Data provided:
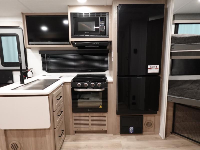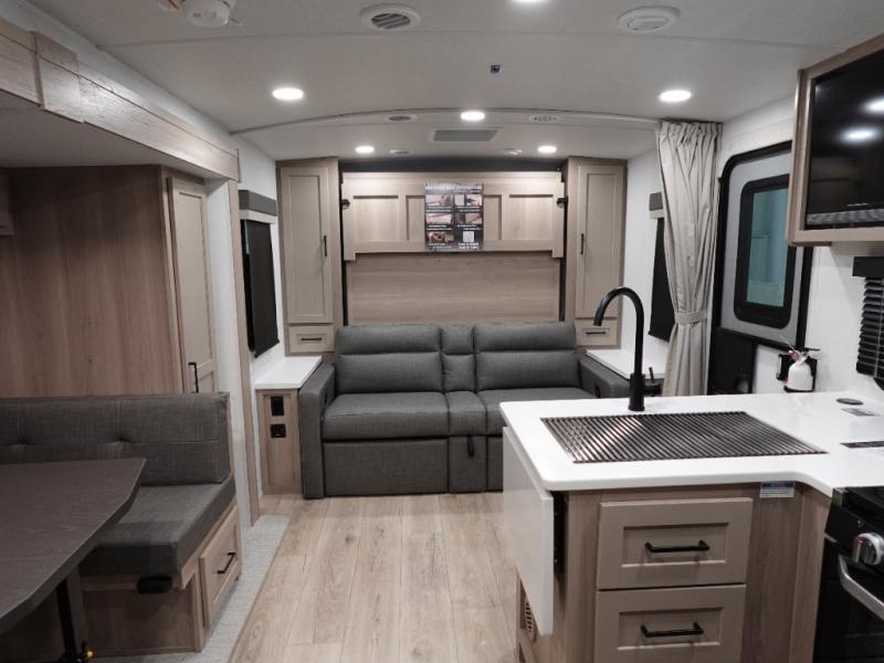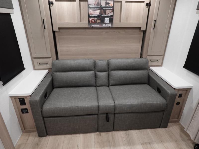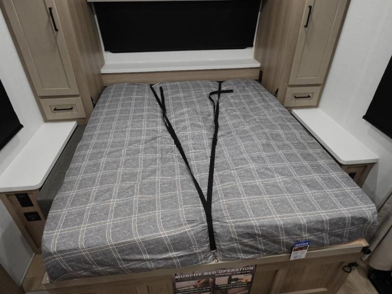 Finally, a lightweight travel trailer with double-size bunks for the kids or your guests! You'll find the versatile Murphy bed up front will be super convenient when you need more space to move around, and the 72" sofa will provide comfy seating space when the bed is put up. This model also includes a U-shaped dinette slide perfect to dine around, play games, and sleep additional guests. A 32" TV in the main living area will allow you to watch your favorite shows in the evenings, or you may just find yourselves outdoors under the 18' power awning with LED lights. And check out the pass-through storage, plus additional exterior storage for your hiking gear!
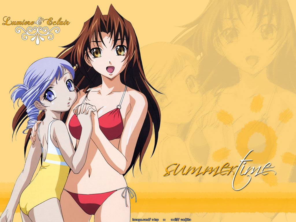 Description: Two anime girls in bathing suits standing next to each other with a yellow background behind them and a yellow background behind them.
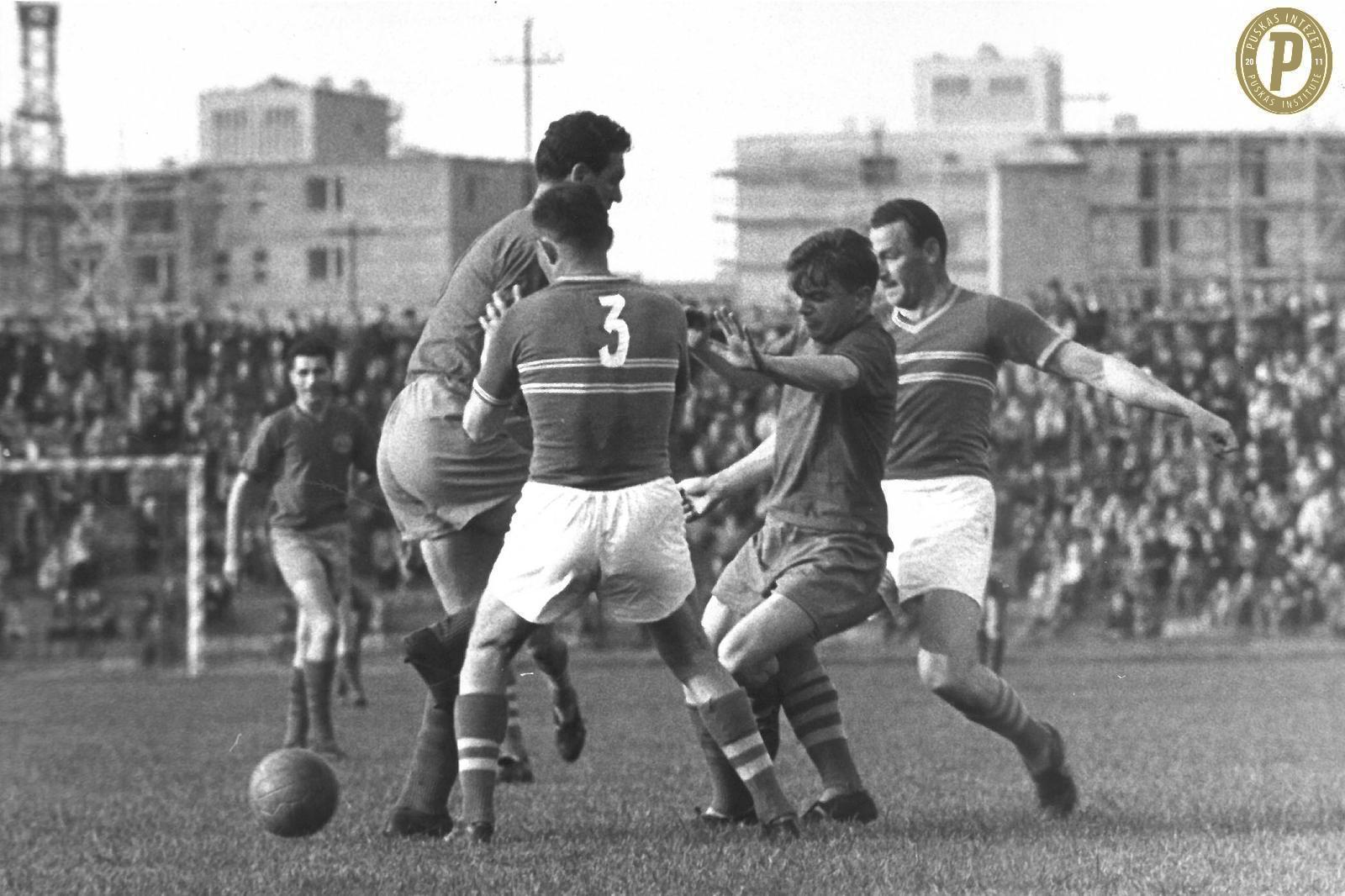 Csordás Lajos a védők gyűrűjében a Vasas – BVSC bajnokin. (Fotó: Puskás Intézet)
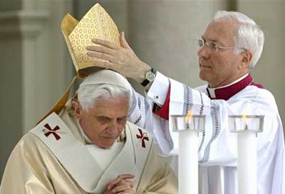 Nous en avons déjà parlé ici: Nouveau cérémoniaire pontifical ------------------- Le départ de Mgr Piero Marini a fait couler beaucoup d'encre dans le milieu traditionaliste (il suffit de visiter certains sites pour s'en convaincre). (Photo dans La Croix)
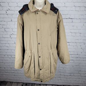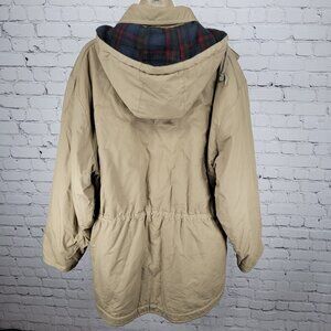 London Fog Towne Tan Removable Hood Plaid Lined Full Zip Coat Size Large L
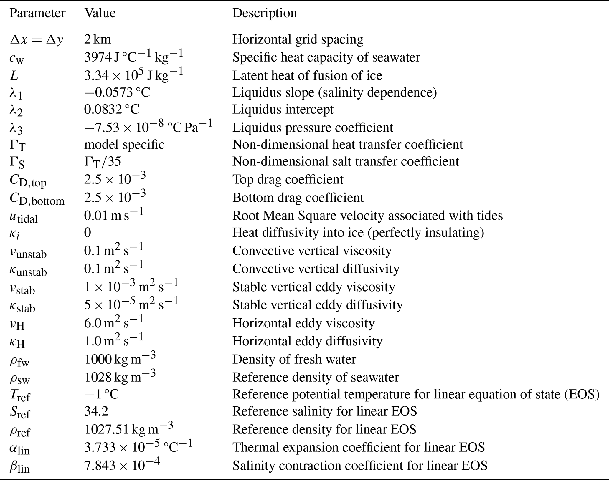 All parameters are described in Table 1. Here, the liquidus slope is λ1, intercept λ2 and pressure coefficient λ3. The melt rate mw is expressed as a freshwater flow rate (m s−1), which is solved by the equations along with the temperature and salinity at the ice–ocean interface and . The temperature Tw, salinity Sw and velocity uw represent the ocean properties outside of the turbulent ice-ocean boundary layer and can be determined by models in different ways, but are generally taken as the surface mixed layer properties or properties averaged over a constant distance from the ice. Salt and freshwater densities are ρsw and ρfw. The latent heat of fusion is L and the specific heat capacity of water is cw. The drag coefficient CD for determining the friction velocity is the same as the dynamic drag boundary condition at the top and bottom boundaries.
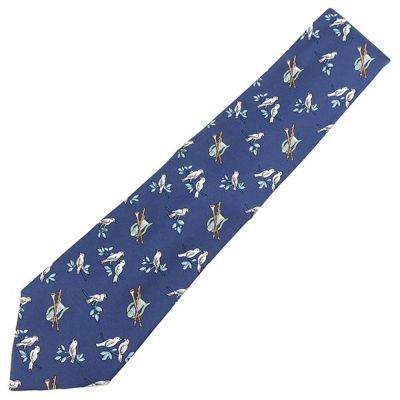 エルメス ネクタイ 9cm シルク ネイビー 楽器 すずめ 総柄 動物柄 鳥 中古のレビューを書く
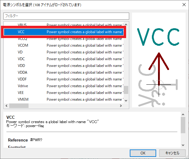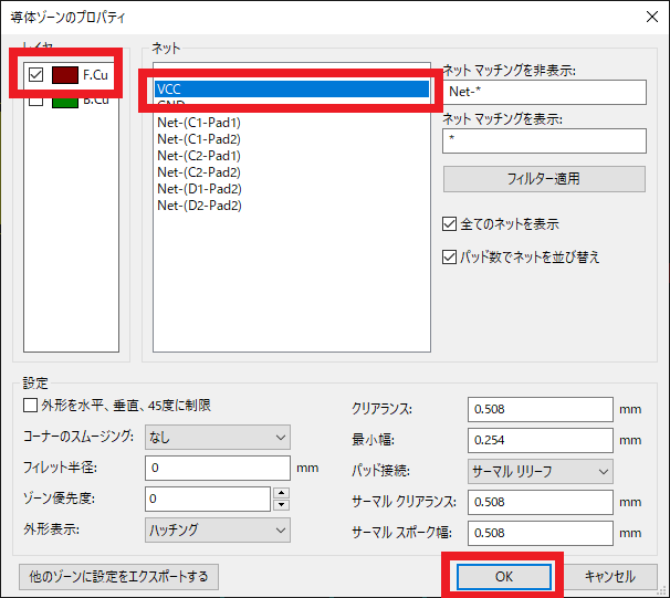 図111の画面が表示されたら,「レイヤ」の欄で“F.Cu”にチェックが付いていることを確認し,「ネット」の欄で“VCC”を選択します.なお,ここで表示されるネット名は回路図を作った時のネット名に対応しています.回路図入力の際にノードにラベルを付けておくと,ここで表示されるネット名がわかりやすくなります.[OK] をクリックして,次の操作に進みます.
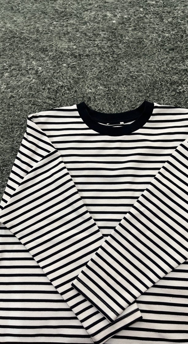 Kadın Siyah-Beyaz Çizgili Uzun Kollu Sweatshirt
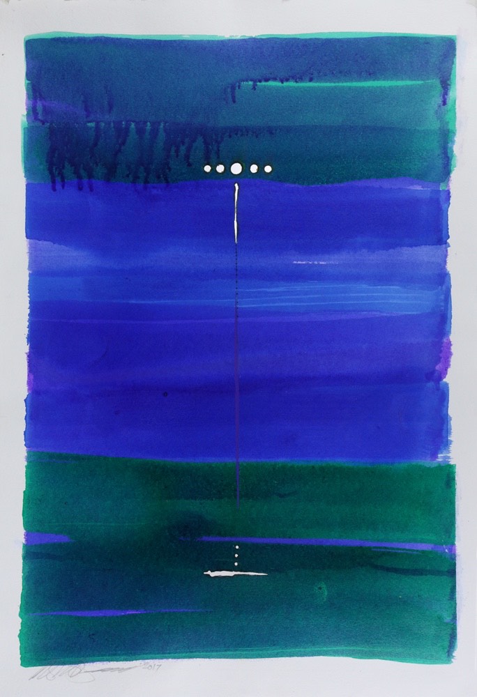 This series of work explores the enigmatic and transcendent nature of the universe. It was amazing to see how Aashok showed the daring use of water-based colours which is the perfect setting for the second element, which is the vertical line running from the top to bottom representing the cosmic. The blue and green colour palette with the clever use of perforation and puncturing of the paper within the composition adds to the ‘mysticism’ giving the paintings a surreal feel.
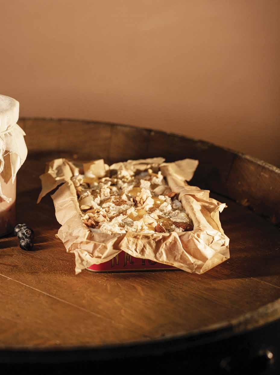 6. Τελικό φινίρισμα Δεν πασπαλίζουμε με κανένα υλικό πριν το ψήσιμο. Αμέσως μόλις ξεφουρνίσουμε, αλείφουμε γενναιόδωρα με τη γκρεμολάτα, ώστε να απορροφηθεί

Task brief:
Every entry, exactly as written: transcribe it, passing over any pictures.

Your response:
 Finally, a lightweight travel trailer with double-size bunks for the kids or your guests! You'll find the versatile Murphy bed up front will be super convenient when you need more space to move around, and the 72" sofa will provide comfy seating space when the bed is put up. This model also includes a U-shaped dinette slide perfect to dine around, play games, and sleep additional guests. A 32" TV in the main living area will allow you to watch your favorite shows in the evenings, or you may just find yourselves outdoors under the 18' power awning with LED lights. And check out the pass-through storage, plus additional exterior storage for your hiking gear!
 Description: Two anime girls in bathing suits standing next to each other with a yellow background behind them and a yellow background behind them.
 Csordás Lajos a védők gyűrűjében a Vasas – BVSC bajnokin. (Fotó: Puskás Intézet)
 Nous en avons déjà parlé ici: Nouveau cérémoniaire pontifical ------------------- Le départ de Mgr Piero Marini a fait couler beaucoup d'encre dans le milieu traditionaliste (il suffit de visiter certains sites pour s'en convaincre). (Photo dans La Croix)
 London Fog Towne Tan Removable Hood Plaid Lined Full Zip Coat Size Large L
 All parameters are described in Table 1. Here, the liquidus slope is λ1, intercept λ2 and pressure coefficient λ3. The melt rate mw is expressed as a freshwater flow rate (m s−1), which is solved by the equations along with the temperature and salinity at the ice–ocean interface and . The temperature Tw, salinity Sw and velocity uw represent the ocean properties outside of the turbulent ice-ocean boundary layer and can be determined by models in different ways, but are generally taken as the surface mixed layer properties or properties averaged over a constant distance from the ice. Salt and freshwater densities are ρsw and ρfw. The latent heat of fusion is L and the specific heat capacity of water is cw. The drag coefficient CD for determining the friction velocity is the same as the dynamic drag boundary condition at the top and bottom boundaries.
 エルメス ネクタイ 9cm シルク ネイビー 楽器 すずめ 総柄 動物柄 鳥 中古のレビューを書く
 図111の画面が表示されたら,「レイヤ」の欄で“F.Cu”にチェックが付いていることを確認し,「ネット」の欄で“VCC”を選択します.なお,ここで表示されるネット名は回路図を作った時のネット名に対応しています.回路図入力の際にノードにラベルを付けておくと,ここで表示されるネット名がわかりやすくなります.[OK] をクリックして,次の操作に進みます.
 Kadın Siyah-Beyaz Çizgili Uzun Kollu Sweatshirt
 This series of work explores the enigmatic and transcendent nature of the universe. It was amazing to see how Aashok showed the daring use of water-based colours which is the perfect setting for the second element, which is the vertical line running from the top to bottom representing the cosmic. The blue and green colour palette with the clever use of perforation and puncturing of the paper within the composition adds to the ‘mysticism’ giving the paintings a surreal feel.
 6. Τελικό φινίρισμα Δεν πασπαλίζουμε με κανένα υλικό πριν το ψήσιμο. Αμέσως μόλις ξεφουρνίσουμε, αλείφουμε γενναιόδωρα με τη γκρεμολάτα, ώστε να απορροφηθεί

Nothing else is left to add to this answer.